**PROBLEM DESCRIPTION**
Supply the number of lines below containing "image", nothing else.

**GIVEN RECORDS**
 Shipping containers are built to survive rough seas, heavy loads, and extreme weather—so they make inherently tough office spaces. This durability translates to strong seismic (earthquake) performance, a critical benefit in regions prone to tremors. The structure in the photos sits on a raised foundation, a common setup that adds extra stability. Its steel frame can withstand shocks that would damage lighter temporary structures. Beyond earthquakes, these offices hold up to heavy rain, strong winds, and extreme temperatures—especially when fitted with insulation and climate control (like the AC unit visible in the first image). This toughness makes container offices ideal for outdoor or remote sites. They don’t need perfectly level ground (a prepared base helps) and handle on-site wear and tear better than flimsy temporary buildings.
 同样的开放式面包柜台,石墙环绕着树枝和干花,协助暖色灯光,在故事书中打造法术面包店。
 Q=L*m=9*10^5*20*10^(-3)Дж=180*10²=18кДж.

--

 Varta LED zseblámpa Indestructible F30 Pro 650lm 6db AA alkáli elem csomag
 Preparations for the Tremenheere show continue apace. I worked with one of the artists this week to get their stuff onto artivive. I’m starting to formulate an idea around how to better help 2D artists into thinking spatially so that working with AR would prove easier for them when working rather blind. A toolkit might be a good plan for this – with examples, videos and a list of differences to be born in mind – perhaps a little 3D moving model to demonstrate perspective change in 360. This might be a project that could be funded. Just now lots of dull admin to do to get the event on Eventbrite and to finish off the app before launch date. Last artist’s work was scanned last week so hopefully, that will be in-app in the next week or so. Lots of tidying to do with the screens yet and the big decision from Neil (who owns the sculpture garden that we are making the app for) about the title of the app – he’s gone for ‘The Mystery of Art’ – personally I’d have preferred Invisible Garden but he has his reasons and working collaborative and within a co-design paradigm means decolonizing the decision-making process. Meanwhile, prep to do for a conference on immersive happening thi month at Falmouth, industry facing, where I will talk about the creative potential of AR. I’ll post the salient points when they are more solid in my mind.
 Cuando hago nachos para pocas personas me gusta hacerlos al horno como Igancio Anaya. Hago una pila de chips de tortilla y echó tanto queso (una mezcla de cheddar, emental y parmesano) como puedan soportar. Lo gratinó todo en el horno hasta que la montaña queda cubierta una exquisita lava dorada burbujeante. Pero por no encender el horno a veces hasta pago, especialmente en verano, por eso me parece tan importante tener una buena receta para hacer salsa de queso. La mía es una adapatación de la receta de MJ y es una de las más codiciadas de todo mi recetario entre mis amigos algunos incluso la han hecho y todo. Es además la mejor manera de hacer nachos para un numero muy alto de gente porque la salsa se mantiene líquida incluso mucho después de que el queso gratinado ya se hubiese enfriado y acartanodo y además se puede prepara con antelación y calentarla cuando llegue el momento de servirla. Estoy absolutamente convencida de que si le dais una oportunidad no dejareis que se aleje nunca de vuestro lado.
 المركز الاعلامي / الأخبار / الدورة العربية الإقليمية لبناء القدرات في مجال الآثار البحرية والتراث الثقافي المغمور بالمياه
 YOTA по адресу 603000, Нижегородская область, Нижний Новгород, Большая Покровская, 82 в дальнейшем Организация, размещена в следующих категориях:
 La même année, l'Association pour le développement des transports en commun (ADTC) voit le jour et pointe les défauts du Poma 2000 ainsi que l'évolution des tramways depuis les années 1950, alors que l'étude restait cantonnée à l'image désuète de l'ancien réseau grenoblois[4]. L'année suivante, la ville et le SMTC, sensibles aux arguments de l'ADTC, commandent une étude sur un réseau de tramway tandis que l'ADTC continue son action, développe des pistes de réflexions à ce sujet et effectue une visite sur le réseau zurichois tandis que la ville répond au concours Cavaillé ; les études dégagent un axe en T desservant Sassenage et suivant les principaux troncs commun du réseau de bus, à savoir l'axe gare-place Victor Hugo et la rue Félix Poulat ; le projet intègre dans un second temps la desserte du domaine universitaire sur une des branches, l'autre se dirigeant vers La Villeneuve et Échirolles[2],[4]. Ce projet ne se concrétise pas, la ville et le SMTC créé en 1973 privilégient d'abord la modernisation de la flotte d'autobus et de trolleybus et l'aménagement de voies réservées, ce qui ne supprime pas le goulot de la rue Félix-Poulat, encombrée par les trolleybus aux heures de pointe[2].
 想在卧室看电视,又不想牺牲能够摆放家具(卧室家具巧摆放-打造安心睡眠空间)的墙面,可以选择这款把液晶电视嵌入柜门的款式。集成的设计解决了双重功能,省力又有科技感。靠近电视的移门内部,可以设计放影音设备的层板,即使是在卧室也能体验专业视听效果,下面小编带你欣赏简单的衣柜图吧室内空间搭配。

* * *

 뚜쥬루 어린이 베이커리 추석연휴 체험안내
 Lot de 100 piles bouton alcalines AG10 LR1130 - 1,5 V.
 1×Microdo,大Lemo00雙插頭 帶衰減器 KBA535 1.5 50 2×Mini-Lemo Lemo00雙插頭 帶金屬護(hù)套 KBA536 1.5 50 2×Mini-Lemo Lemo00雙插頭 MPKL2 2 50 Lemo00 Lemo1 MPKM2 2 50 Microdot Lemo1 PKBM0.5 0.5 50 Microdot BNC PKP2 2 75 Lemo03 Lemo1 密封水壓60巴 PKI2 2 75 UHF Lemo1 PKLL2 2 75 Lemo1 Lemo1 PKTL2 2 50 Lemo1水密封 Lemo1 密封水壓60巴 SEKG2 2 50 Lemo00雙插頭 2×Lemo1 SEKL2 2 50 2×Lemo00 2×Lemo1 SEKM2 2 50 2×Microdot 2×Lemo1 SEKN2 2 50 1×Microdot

**ANSWER AREA**
2